🤖 AI Summary
To overcome technical bottlenecks in energy efficiency, scalability, and application readiness hindering exascale computing, this work designed and deployed Aurora—the first U.S. exascale system at Argonne National Laboratory. Aurora employs an Intel Xeon Sapphire Rapids CPU and Ponte Vecchio GPU heterogeneous architecture, integrated with high-bandwidth memory (HBM), the DAOS distributed object storage system, and the HPE Slingshot 11 interconnect. System-level co-design and the oneAPI unified programming model enable deep hardware–software co-optimization. The project introduced the first exascale-optimized node architecture tailored for scientific computing and established a full-stack software ecosystem, validated through early scientific applications.
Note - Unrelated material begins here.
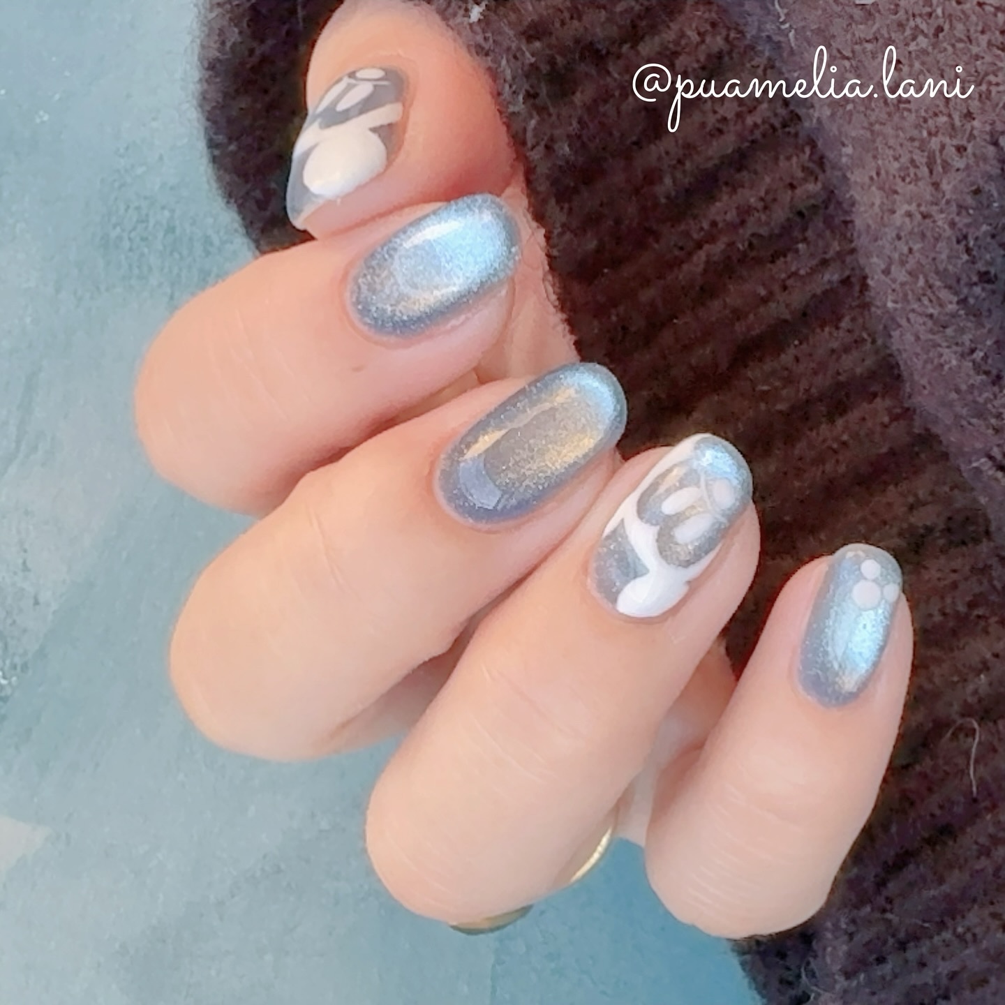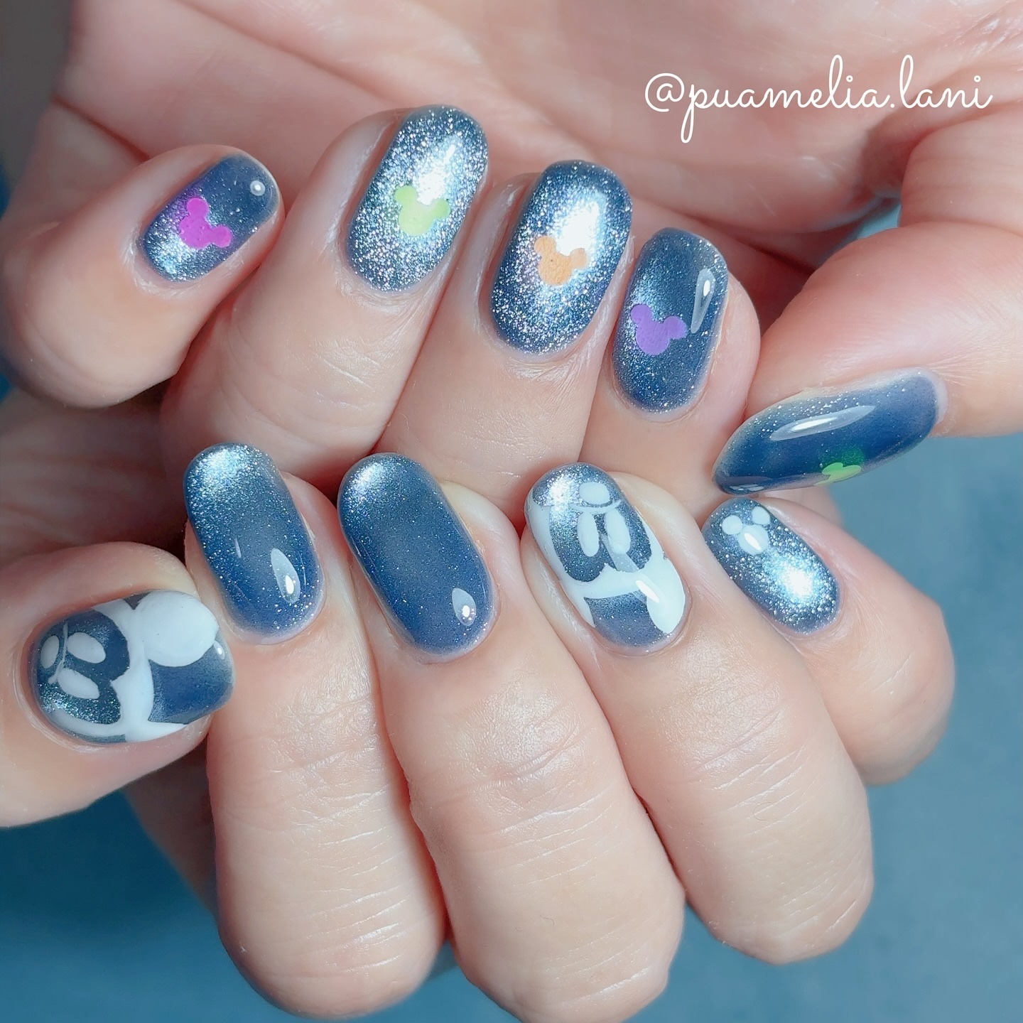 マグネットネイルの上にお絵描きしたら、奥行き増し増し𓂃𓈒𓏸✨ ひとつ前の投稿と同じカラーM26に、お絵描き用のジェルでミッキーのお顔♪ 両手同じカラーを塗るのがとても久しぶりなので両手撮りも♪ GELiSM: M26 sapphire glow ARKEYTOKYO: D002 OMD: PERFECT 3WAY GEL

Aurora achieved leading performance on HPL and HPCG benchmarks and has enabled large-scale simulations across multiple domains—including climate modeling, materials science, and particle physics—demonstrating substantial improvements in real-world scientific throughput and exascale system readiness.
📝 Abstract
Aurora is Argonne National Laboratory's pioneering Exascale supercomputer, designed to accelerate scientific discovery with cutting-edge architectural innovations. Key new technologies include the Intel(TM) Xeon(TM) Data Center GPU Max Series (code-named Sapphire Rapids) with support for High Bandwidth Memory (HBM), alongside the Intel(TM) Data Center GPU Max Series (code-named Ponte Vecchio) on each compute node. Aurora also integrates the Distributed Asynchronous Object Storage (DAOS), a novel exascale storage solution, and leverages Intel's oneAPI programming environment. This paper presents an in-depth exploration of Aurora's node architecture, the HPE Slingshot interconnect, the supporting software ecosystem, and DAOS. We provide insights into standard benchmark performance and applications readiness efforts via Aurora's Early Science Program and the Exascale Computing Project.